[EXERCISE]: Every line from the one with "关于高三学生的陈述报告,高三" to the one with "This paper investigates", including those two, is to be copied exactly; all other lines of the entries below are left out.
━━━━━ AVAILABLE DATA ━━━━━
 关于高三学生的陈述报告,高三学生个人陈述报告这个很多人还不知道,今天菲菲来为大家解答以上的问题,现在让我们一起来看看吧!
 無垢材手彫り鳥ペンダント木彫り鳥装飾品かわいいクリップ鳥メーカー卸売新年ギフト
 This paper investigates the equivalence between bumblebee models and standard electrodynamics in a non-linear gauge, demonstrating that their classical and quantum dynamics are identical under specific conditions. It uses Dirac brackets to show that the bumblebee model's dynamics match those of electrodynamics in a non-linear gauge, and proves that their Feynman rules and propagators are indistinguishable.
━━━━━
━━━━━ AVAILABLE DATA ━━━━━
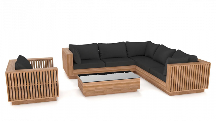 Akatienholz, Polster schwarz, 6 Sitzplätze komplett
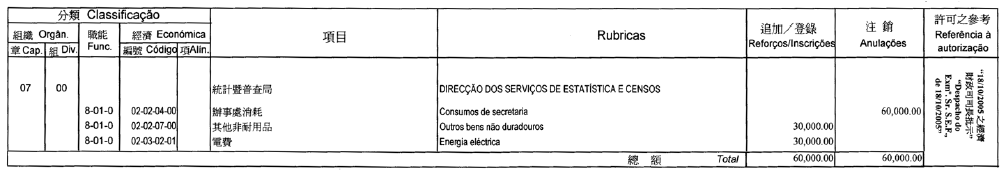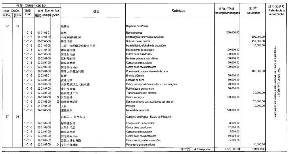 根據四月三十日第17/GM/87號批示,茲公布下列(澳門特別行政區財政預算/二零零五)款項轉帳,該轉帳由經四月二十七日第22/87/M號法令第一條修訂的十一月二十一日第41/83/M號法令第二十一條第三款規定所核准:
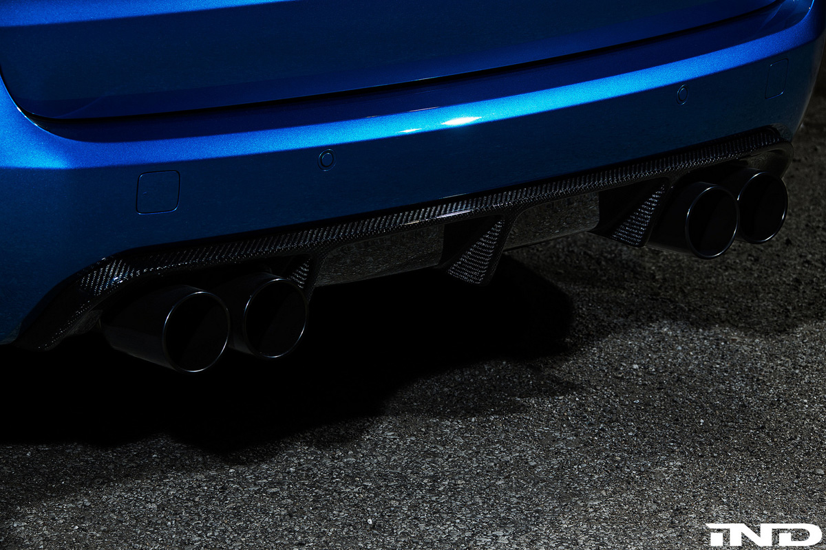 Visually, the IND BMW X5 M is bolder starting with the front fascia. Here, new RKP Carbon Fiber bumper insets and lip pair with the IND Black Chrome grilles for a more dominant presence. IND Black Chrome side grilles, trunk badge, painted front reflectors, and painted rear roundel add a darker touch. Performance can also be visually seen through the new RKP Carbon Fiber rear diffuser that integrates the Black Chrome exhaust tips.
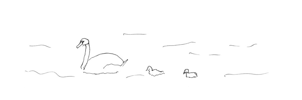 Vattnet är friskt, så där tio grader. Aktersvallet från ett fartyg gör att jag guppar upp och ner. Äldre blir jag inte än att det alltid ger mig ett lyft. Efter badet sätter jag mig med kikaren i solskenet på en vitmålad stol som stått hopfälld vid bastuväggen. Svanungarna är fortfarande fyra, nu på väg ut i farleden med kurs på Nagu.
━━━━━
[ANSWER BELOW]:
 关于高三学生的陈述报告,高三学生个人陈述报告这个很多人还不知道,今天菲菲来为大家解答以上的问题,现在让我们一起来看看吧!
 無垢材手彫り鳥ペンダント木彫り鳥装飾品かわいいクリップ鳥メーカー卸売新年ギフト
 This paper investigates the equivalence between bumblebee models and standard electrodynamics in a non-linear gauge, demonstrating that their classical and quantum dynamics are identical under specific conditions. It uses Dirac brackets to show that the bumblebee model's dynamics match those of electrodynamics in a non-linear gauge, and proves that their Feynman rules and propagators are indistinguishable.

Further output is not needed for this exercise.